Dirty, crowded, crime-ridden, expensive – those who have bonded with the stone and the steel love the metrapole morning breath and all. They love it not just because it is home and all the folks of home live there, but because the city itself is a member of the family.
Mumbai, I think, is one of those cities.
A few years ago I read Gregory David Roberts’s novel Shantaram and my interest in Mumbai was piqued. Now I’m reading Vikram Chandra’s Sacred Games and I have a full-blown crush on Mumbai. In both novels, the city is as much a character as any of the people in the thousand pages of narrative.

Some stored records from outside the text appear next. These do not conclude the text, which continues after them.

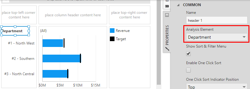 Each 'corner' area is displayed only once, above or below the row headers and before or after the column headers. These areas make the most sense, for example, to add a Header for each series grouping hierarchy when displaying a crosstab.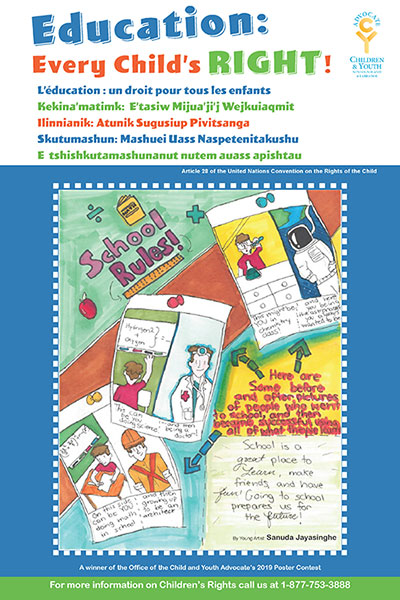 Child and Youth Advocate Jackie Lake Kavanagh is delighted to announce the winners of her office’s poster contest. The contest asked young people in the province to design a poster about what the right to education means to them. The Right to Education is one of many fundamental rights identified in the United Nations Convention on the Rights of the Child (UNCRC).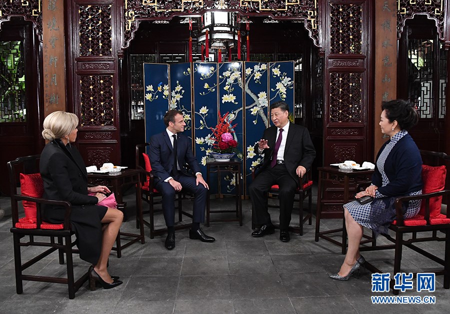 兩國(guó)元首夫婦在玉華堂落座。習(xí)近平和彭麗媛愉快地憶及今年3月訪問(wèn)法國(guó)受到馬克龍夫婦熱情款待的情景。習(xí)近平說(shuō),歡迎馬克龍總統(tǒng)再次訪華并第一次來(lái)上海。上海是中國(guó)改革開(kāi)放和發(fā)展進(jìn)步的縮影,體現(xiàn)了近代以來(lái)中國(guó)同世界關(guān)系的演變。希望這次訪問(wèn)有助于你了解上海、了解中國(guó)。我和夫人選擇在豫園款待總統(tǒng)先生和夫人,希望你們能領(lǐng)略中華園林之美和中國(guó)的傳統(tǒng)文化。文化藝術(shù)表現(xiàn)形式不同,但帶給不同國(guó)家民眾的心靈體驗(yàn)是相通的,不同文化可以和諧共生。中法作為東西方兩大文明代表,應(yīng)該相互尊重,交流互鑒,各美其美,美美與共。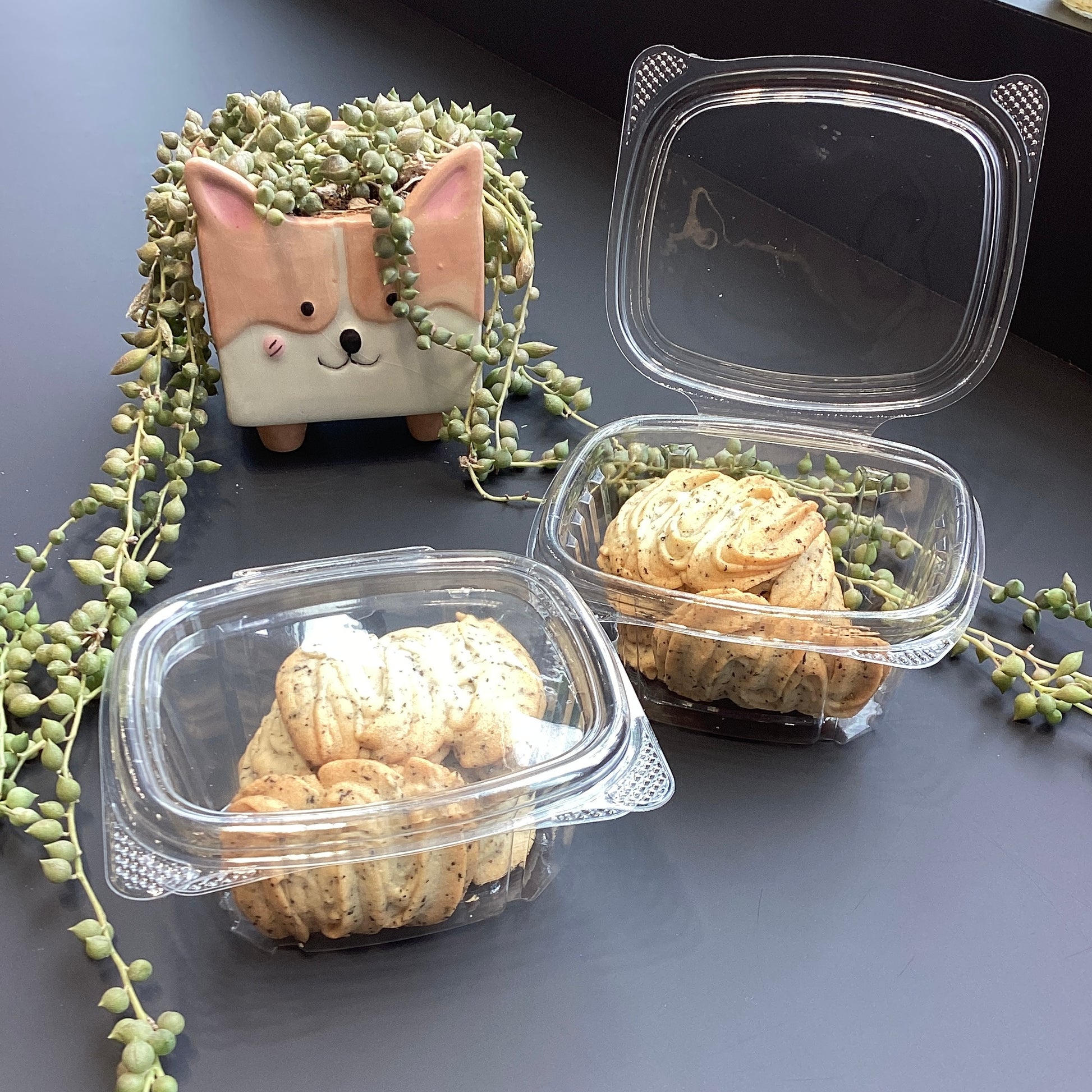 5 Earl Grey cookies in a small plastic container.

Shantaram idealized the city and people, yet showed both warts and all. Sacred Games has a much less heavy hand. Roberts’s is trying to seduce us with Mumbai; Chandra is coy. Still, both portray Mumbai as the raandi with the heart of gold.
Over the years, I’ve fallen deeply in love with places because of a book; places I’d never seen. Early on it was Cornwall and London; later St. Petersburg and Geneva. With those great cities, I fell in love with them as they were a century or two ago. This Mumbai affair is for the Mumbai of now.
Of the cities I’ve mentioned, I did get to see London, but my time there was too short and the opportunities to explore too limited. I left astounded that I liked the modern city and not just the ancient one that lived in my head. I didn’t fall in love with New York until after I’d visited, but now I can read novels set in the city and they’re richer, fuller.
I have a yearning to visit Mumbai – a city that will make my heart simultaneously soar and break. I can’t foresee the when or the how of Mumbai and I meeting, but I can daydream in the vivid colors, scents and textures that are India in general, and Mumbai in particular.
I wish I could write with such ease, set me right down in a pleasant receptive state of mind. Your observations, reflections mirror What Paul Bowles did for me, and my love for Northern Africa and no I haven’t been there…but I will.
Well, thank you. And now I have to look up Paul Bowles.
Welcome to the blog.
My first LOVE of a place came in the 5th grade when our teacher read Misty of Chincoteague to us. I vowed I would someday go to school there. I was living in a suburb of Buffalo, NY at the time, soon to move to Maine. Millions of miles (and a few years later) I graduated from high school in Ankara, Turkey, came back to the states for college, fully intending to return to Turkey to teach in the American school there… but fell in love with a Virginian, moved to the shore, and my first school……………..
my first day of teaching…………
was at Chincoteague High School. Who’d’a thunk it?
Soooo, you just might end up in Mumbai! Who knows?
I just love how circular life is at times.
When I was 16, I went to Morelia, Mexico and fell completely in love with Mexico – the people, the place, the food, the everything. Just the other day I was reading that Morelia is a peachy place for U.S. citizens to retire if they don’t expect to have much more than social security to live on.
For years now I’ve said I expect to be a burden to society in my old age, but perhaps not – not if I can inflict myself on unsuspecting Mexicans in a charming Colonial town.
The trick is to figure out how to afford to live here now.
But I really do have a head of steam building up about Mumbai. I figured airfare would be the biggest expense, but it turns out hotels are more than I thought they would be.